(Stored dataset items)
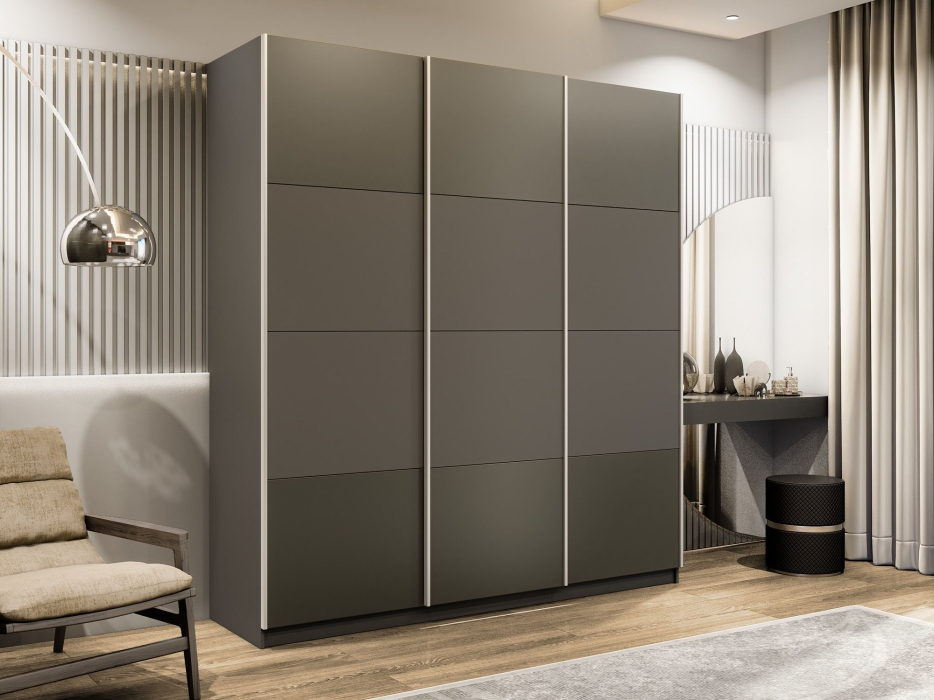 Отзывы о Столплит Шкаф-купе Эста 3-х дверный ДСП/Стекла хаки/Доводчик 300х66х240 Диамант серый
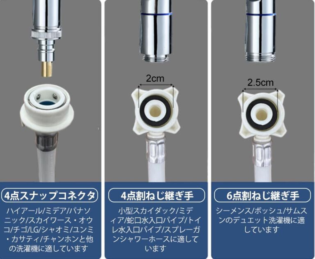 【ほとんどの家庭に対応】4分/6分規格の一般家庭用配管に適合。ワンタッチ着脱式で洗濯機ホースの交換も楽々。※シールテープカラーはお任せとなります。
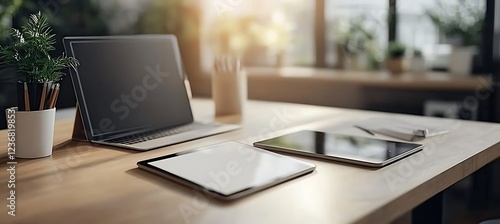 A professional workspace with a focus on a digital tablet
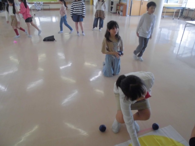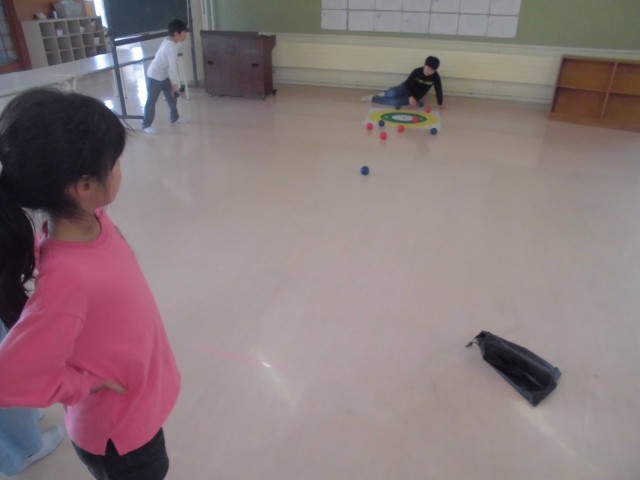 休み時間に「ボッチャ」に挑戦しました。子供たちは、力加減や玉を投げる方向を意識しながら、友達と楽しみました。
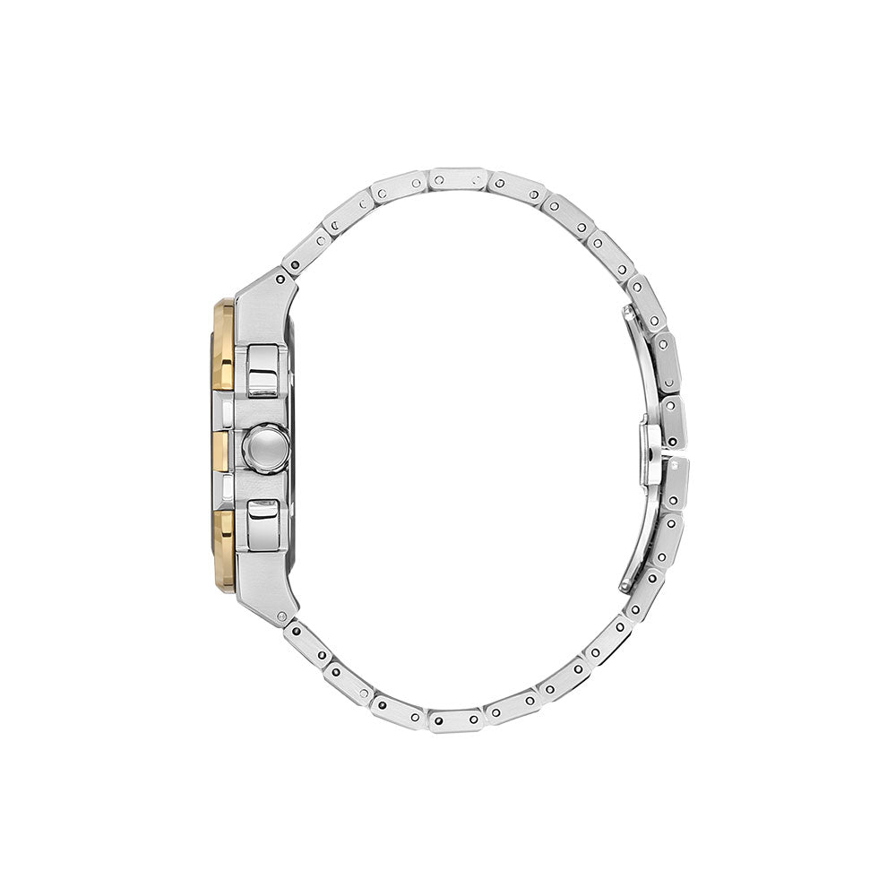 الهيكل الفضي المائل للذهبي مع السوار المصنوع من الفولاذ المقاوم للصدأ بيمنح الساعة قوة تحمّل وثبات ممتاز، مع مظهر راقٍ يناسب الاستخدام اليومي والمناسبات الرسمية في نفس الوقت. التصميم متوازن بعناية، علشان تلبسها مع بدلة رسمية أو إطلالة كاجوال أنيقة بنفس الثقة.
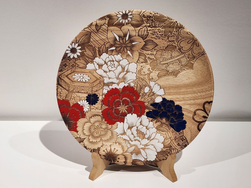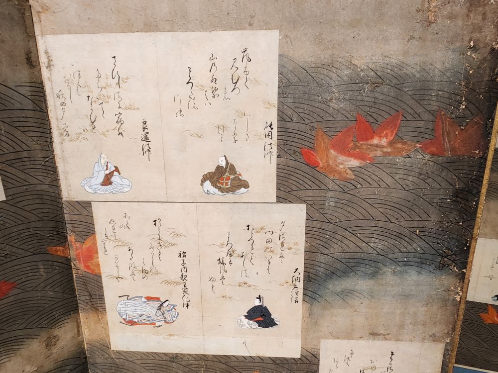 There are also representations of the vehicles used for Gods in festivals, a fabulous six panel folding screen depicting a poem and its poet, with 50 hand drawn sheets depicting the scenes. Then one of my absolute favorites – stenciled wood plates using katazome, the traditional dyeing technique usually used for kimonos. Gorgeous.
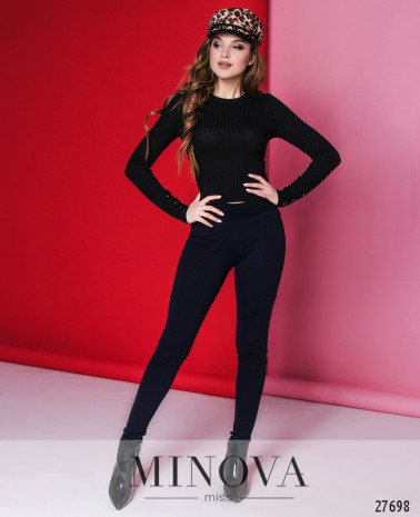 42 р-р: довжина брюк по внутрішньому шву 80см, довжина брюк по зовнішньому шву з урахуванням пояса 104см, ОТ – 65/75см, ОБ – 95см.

▸ **ACTIVITY**: Begin at the first line of the data above and repeat each line exactly, stopping after the line containing "الهيكل الفضي المائل". Omit the pictures.

▸ **ANSWER FOR THE TASK**:
 Отзывы о Столплит Шкаф-купе Эста 3-х дверный ДСП/Стекла хаки/Доводчик 300х66х240 Диамант серый
 【ほとんどの家庭に対応】4分/6分規格の一般家庭用配管に適合。ワンタッチ着脱式で洗濯機ホースの交換も楽々。※シールテープカラーはお任せとなります。
 A professional workspace with a focus on a digital tablet
 休み時間に「ボッチャ」に挑戦しました。子供たちは、力加減や玉を投げる方向を意識しながら、友達と楽しみました。
 الهيكل الفضي المائل للذهبي مع السوار المصنوع من الفولاذ المقاوم للصدأ بيمنح الساعة قوة تحمّل وثبات ممتاز، مع مظهر راقٍ يناسب الاستخدام اليومي والمناسبات الرسمية في نفس الوقت. التصميم متوازن بعناية، علشان تلبسها مع بدلة رسمية أو إطلالة كاجوال أنيقة بنفس الثقة.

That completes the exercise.